Frequent intrinsic relationships show previously unannotated degeneracy
Current annotation approaches in untargeted metabolomics face the major challenge of determining the set of relationships to search for. While some relationships are well known and occur ubiquitously (such as the commonly annotated sodium or potassium adducts), constraining annotation to only these is significantly limiting. Other degenerate relationships are specific to experimental methodologies or the materials and reagents used during the analysis. Since there is no way to determine these relationships a priori, they have gone unannotated to date. Here we introduce an informatic approach to find data set wide, experimentally unique relationships that are implied by their context in the data.
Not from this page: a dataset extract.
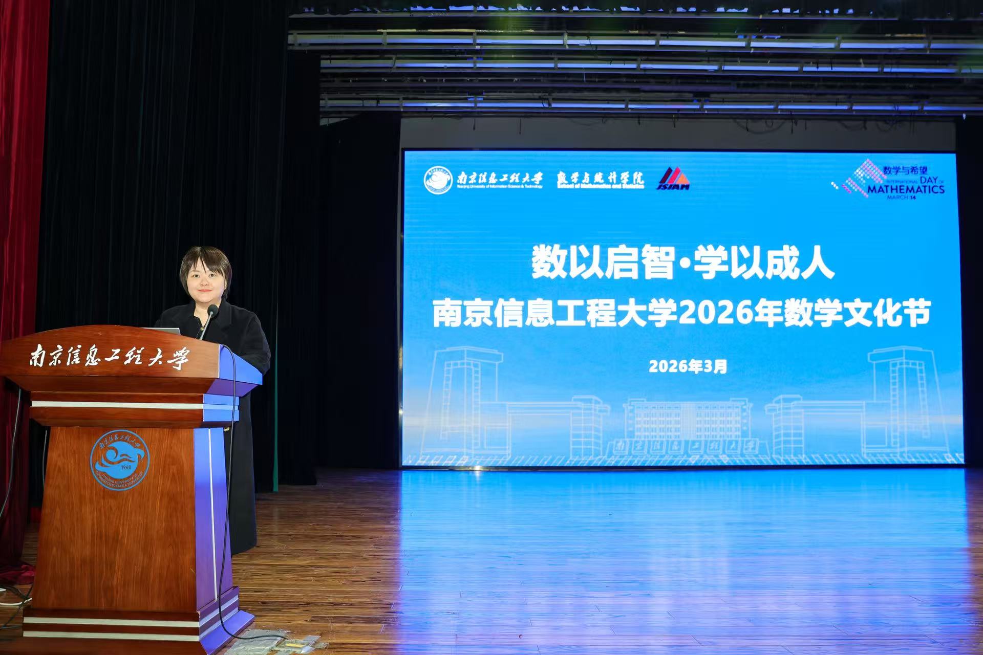 开幕式上,刘佳在致辞中向本届数学文化节的开幕表示热烈祝贺。她说,数学,作为人类文明最古老的语言,是理性与智慧的象征,更是推动科学进步、技术革新的基石。联合国教科文组织设立“国际数学日”,正是为了传递“数学是解决全球性挑战、创造美好未来关键工具”的核心理念。她向全体师生提出两点希望,一是推进学科深度交叉融合,以大气科学一流学科为牵引,将数学理论优势转化为解决气象预报、数据科学等关键领域问题的硬核能力;二是深刻认识数学价值,以实践为沃土,推动数学理论与实际场景深度结合,将抽象之美转化为解决社会痛点的切实方案。她寄语广大学子,点燃创新火种,在数学探索中锤炼逻辑、收获勇气。
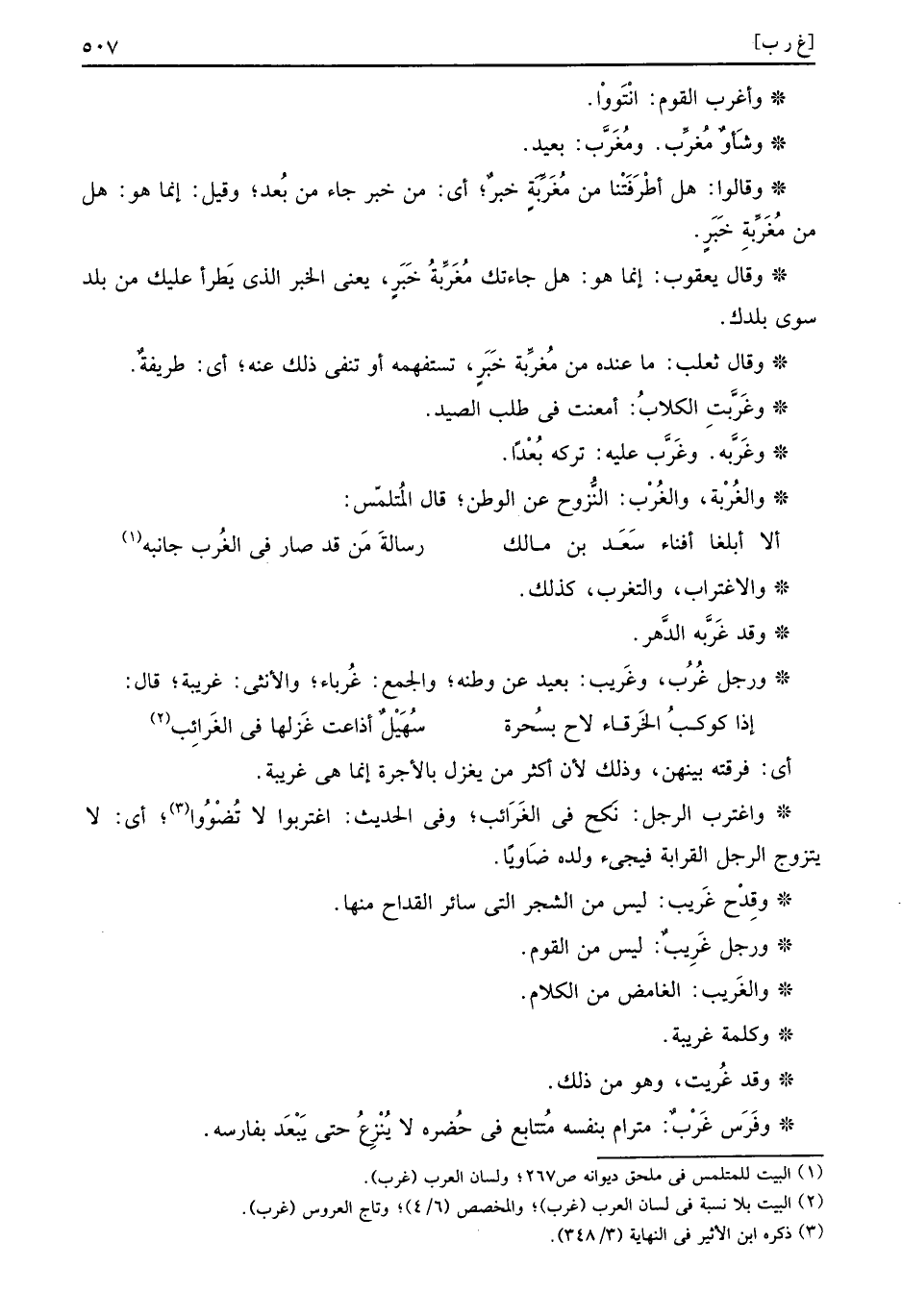 والغُرْبة، والغُرْب: النُّزوح عَن الوطن، قَالَ المُتلمّس:

We then estimate their prevalence within our E. coli data set.
Common adducts and fragments will always coelute with the original analyte and will occur multiple times throughout the run.22 We leverage this fact and recover “frequent intrinsic relationships” by performing a frequency analysis of mass differences between all pairs of features eluting within one second of each other.16 Unrelated but coeluting analytes will exhibit mass spacing that is random and, as such, will not be enriched in the frequency distribution. Thus, frequently occurring mass differences represent probable degenerate relationships. Mass differences were calculated assuming a charge state of 1, a simplification that limits the analysis to relationships that do not include a charge-state conversion. In our experience, adducts and fragments occuring only with a charge-state conversion are rare and this simplification is not limiting. A Gaussian kernel density estimation was performed on the observed mass differences with a bandwidth of 0.00001 Da (our observed scan-to-scan mass error) (Figure 3A). The heights of the local maxima represent the frequency and mass dispersion of each mass difference. Mass differences that are frequent and similar in mass will have large density estimates. The 24 most frequently observed mass differences are listed in Table 1.
Table 1.
Δ Mass | Δ Charge | Density | Known Species |
---|---|---|---|
21.9820 | 0 | 60.4 | H+ ↔ Na+ |
4.9554 | 0 | 55.2 | NH4+ ↔ Na+ |
23.0760 | 0 | 33.6 | |
18.0107 | 0 | 32.5 | H2O |
17.0266 | 0 | 30.5 | NH3 |
28.0314 | 0 | 26.7 | C2H4 |
45.0580 | 0 | 23.4 | C2H7N |
14.0157 | 0 | 23.2 | CH2 |
65.1230 | 0 | 19.6 | |
87.1046 | 0 | 18.2 | C5H13N |
42.0470 | 0 | 16.6 | C3H6 |
44.0262 | 0 | 15.3 | C2H4O |
39.9926 | 0 | 13.3 | C2O |
7.1020 | 0 | 13.1 | |
15.9740 | 0 | 13.0 | K+ ↔ Na+ |
70.0783 | 0 | 12.5 | |
29.0518 | 0 | 11.6 | |
36.0713 | 0 | 11.3 | |
15.9949 | 0 | 10.1 | |
1.9967 | 0 | 9.3 | 41K ↔ 39K |
56.0627 | 0 | 9.3 | |
12.9952 | 0 | 8.7 | |
35.0373 | 0 | 8.7 | |
20.9292 | 0 | 8.5 | NH4+ ↔ K+ |
The effectiveness of the approach was confirmed by the recovery of two commonly known relationships as the most frequent relationships in our data set: the exchange of H+ and Na+ and the exchange of Na+ and NH4+. This result indicated that the analysis of frequent intrinsic relationships offers novel insight into the nature of features detected in metabolomic data sets. Notably, the approach returned a multitude of relationships that had not been included in our prior searches. These commonly occurring relationships are likely adducts or fragments, and may be specific to our sample or experimental equipment/materials. Figure 3B shows the peak pairs observed with mass difference [23.0760, 0] throughout the data set.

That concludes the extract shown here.